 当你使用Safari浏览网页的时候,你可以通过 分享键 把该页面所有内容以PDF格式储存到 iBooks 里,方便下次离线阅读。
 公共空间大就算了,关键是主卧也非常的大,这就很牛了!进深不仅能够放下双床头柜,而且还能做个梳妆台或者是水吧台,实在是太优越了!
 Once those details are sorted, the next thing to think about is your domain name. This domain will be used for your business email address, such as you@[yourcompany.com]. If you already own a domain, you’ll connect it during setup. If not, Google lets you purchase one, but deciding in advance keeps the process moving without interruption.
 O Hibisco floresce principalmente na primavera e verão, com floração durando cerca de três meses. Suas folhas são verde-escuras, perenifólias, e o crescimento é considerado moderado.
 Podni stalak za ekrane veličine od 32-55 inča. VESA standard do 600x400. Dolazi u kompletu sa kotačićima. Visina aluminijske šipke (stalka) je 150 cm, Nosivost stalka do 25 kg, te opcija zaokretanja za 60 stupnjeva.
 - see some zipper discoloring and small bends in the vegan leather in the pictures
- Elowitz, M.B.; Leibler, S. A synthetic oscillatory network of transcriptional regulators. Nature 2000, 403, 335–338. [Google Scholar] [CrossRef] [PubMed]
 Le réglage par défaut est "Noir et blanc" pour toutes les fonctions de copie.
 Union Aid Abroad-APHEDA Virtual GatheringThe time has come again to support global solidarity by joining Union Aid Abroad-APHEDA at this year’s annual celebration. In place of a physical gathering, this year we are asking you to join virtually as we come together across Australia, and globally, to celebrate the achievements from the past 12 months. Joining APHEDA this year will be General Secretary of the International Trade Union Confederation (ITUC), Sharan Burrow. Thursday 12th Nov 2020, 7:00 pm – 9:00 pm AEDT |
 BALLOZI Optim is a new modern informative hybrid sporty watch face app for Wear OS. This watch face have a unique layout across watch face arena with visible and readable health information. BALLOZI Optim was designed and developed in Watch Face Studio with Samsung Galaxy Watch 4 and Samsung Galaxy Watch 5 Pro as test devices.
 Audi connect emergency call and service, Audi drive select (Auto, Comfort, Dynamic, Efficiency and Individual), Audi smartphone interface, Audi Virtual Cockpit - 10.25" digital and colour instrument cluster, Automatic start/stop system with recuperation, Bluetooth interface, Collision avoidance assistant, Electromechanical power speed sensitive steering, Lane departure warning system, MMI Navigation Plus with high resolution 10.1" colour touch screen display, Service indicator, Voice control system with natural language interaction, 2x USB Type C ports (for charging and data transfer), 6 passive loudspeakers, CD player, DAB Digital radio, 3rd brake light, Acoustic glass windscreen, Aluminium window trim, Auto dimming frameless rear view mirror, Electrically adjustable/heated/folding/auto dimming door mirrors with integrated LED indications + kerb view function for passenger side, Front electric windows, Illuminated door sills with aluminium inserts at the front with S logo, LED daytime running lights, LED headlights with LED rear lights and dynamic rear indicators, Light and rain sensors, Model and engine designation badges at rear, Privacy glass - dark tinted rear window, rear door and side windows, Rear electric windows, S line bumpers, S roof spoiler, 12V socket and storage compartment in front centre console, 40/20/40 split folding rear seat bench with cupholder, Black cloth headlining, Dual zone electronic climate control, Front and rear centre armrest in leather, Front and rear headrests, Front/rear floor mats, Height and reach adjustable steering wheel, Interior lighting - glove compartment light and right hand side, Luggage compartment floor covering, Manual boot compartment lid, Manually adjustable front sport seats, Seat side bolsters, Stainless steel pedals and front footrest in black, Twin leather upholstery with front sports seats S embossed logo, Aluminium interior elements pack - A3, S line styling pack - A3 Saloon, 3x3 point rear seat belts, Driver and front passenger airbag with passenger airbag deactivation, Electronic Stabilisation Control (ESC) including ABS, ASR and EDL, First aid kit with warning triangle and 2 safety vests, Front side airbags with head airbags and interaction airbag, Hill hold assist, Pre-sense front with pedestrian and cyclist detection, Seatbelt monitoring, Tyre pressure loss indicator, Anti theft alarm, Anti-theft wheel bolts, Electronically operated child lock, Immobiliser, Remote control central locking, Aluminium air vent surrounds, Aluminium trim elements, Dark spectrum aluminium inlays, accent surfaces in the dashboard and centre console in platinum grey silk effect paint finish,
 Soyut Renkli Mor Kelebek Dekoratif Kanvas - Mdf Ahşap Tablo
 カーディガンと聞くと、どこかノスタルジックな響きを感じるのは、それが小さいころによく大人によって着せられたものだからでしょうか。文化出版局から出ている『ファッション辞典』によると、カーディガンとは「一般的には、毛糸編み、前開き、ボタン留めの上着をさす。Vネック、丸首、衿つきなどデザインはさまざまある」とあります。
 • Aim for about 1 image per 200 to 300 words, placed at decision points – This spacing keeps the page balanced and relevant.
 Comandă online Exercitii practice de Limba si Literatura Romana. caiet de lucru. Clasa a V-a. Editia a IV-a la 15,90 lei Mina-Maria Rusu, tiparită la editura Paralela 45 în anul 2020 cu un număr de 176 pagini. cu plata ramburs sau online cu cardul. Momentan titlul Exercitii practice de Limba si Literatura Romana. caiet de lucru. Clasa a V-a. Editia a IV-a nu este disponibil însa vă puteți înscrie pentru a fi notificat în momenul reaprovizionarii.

■ ■ ■ ■

The problem ▸
Copy word for word the stretch of entries above from the line that has "- see some zipper" through the line that has "BALLOZI Optim is", both ends included, and nothing outside it.

Result of the task ▸
 - see some zipper discoloring and small bends in the vegan leather in the pictures
- Elowitz, M.B.; Leibler, S. A synthetic oscillatory network of transcriptional regulators. Nature 2000, 403, 335–338. [Google Scholar] [CrossRef] [PubMed]
 Le réglage par défaut est "Noir et blanc" pour toutes les fonctions de copie.
 Union Aid Abroad-APHEDA Virtual GatheringThe time has come again to support global solidarity by joining Union Aid Abroad-APHEDA at this year’s annual celebration. In place of a physical gathering, this year we are asking you to join virtually as we come together across Australia, and globally, to celebrate the achievements from the past 12 months. Joining APHEDA this year will be General Secretary of the International Trade Union Confederation (ITUC), Sharan Burrow. Thursday 12th Nov 2020, 7:00 pm – 9:00 pm AEDT |
 BALLOZI Optim is a new modern informative hybrid sporty watch face app for Wear OS. This watch face have a unique layout across watch face arena with visible and readable health information. BALLOZI Optim was designed and developed in Watch Face Studio with Samsung Galaxy Watch 4 and Samsung Galaxy Watch 5 Pro as test devices.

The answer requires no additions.